27 セラフィーナの企み
「わかった、許す」
王女なりにケジメはつけたし、とりあえず態度保留だな。エマを困らせないことを優先にするしかない。
「ありがとうございますヴェル様。それともヴェルシエル様とお呼びした方がよろしいですか?」
王女がニッコリ微笑む。
うーん、読めん。
「お好きな方でどうぞ」
和解が成立すると、エマは再び跪く。
「あの、ところで私どもを呼び寄せた理由を御教え願えますでしょうか」
エマがお伺いを立てると、王女は人払いをさせる。残ったのは一人のメイドだけだ。
「その前にお座りになりませんか? 話しにくくて仕方ありません」
「しかし私ごときが王女殿下と同席するなど……!」
エマは余程恐れ多いのか、完全に尻込みしている。
うーん、もしかして俺ってめちゃくちゃ礼儀知らずとか思われてないよね?
「私が許します。ですのでどうぞ。アリア、紅茶とケーキを二つ用意してください」
「はい、姫様」
メイドさんは別の台に用意されていたケーキを切り分け、ポットから紅茶を注いでテーブルに並べた。
王女はどうぞ、と手を出してエマを誘う。
「では失礼します」
エマは一礼して席に座る。
俺はエマの横でふわふわと浮いていた。
「それで、お話というのは……」
「はい。私が毒を盛られたのは4日程前でした。毒を盛られた理由は私の能力が邪魔だったからでしょう。犯人も目星はついています。しかし証拠がありません。そこで見つけたのがヴェル様です」
王女の顔から笑みが消え、厳しい表情を見せる。
「ヴェル、ですか?」
「はい。いただいたエクスアンチドーテはかなり強力で、少し飲むだけでデルポネラという毒を解毒しました。私の鑑定は少し特殊でしてね」
王女が紅茶をソーサーの上に静かに置いた。
「《《私の鑑定は作った人の情報も手に入る》》んです」
なるほど、だから俺が作ったって知ってたわけね。
「そして今、王都では恥ずかしながら違法薬物が出回り初めています」
うわっ、そういうことか。
そりゃ元締めにとって王女の能力は天敵だろう。消したいよな。
「それも既に鑑定は済ませました。毒の方もです。しかし相手は上位貴族。王族といえど、証拠もなしに処罰はできません。一方的に行えば反感を持つ者も出てくるでしょう。そこでヴェル様の力を是非お借りしたいのです」
王女、なんか笑顔が怖いぞ。
「なぜヴェルを……?」
「想像具現、持ってますよね? その力をお借りしたいと思います」
王女が俺をニコニコして見つめる。言いたいことは理解した。
「つまり、みんなの前で自白させたいわけですね」
俺の想像具現は俺が想像した事象を引き起こすものだ。
相手に《《うっかり》》自白させる、という使い方に気づくとは、この王女、相当な切れ者なんだろう。

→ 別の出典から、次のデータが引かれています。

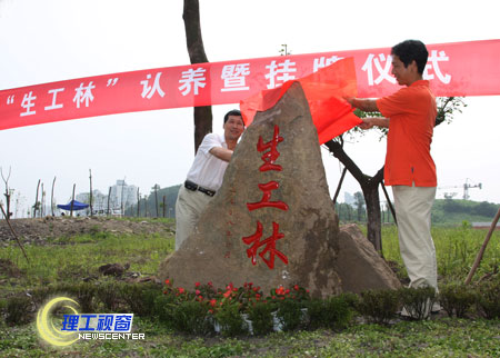 6月12日上午,汇东校区新实验楼旁人声鼎沸,格外热闹。一块巨大的石碑上“生工林”三个大字在明媚的阳光下显得格外醒目。生物工程系“生工林”认养暨挂牌仪式在这里隆重举行。

「ええ、話が早くて助かります。これは私からの指名依頼です。報酬は金貨20枚。後でギルドの方に使いを出しておきますので、受けていただけますか?」
……最初からそうしてくれ。
切れ者かと思ったけど、この王女結構抜けてるな。鑑定使えるのに服毒させられてるし。
「はい、喜んで。ヴェル、いい?」
「もちろん」
王女《《様》》からの指名依頼ならパーティの名前に箔が付く。そういうことなら喜んで手を貸しますぞ。

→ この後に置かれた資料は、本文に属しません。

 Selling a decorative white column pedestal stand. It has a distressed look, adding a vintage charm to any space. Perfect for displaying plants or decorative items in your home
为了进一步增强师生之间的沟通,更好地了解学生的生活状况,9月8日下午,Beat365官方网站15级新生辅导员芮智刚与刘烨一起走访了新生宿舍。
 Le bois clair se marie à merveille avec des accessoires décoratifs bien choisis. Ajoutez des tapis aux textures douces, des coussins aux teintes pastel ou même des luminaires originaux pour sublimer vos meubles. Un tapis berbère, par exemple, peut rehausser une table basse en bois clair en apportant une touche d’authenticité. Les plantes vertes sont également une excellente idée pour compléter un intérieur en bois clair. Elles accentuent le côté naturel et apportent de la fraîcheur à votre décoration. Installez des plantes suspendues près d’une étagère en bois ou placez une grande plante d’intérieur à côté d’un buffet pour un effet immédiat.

「そういうことですので、ヴェル様を一日お借りしますね」
「エマは?」
うーん、エマと離れることになるのはなぁ……。
「あらぬ中傷を受けることも考えられます。お仲間とお待ちいただいた方が得策かと」
「そうですね。私も貴族様に囲まれては生きた心地がしません。ヴェル、お願いね」
それを言われるとね。
それにエマを気に入って妾に、とか言い出しかねん。
ここは俺一人でやるべきか。
「わかった」
「ありがとうございます。せっかくですので、エマ様とも少しお話したく思います。その後馬車で宿まで送らせましょう」
こうして俺は違法薬物の流通を潰すため、手を貸すことになった。
* * *
「国王陛下、お呼びに預かり馳せ参じました。如何な御用でございましょうか」
国王の前に姿を見せたのはヤニック侯爵というらしい。まるまる肥えてて、いかにも悪党な顔だ。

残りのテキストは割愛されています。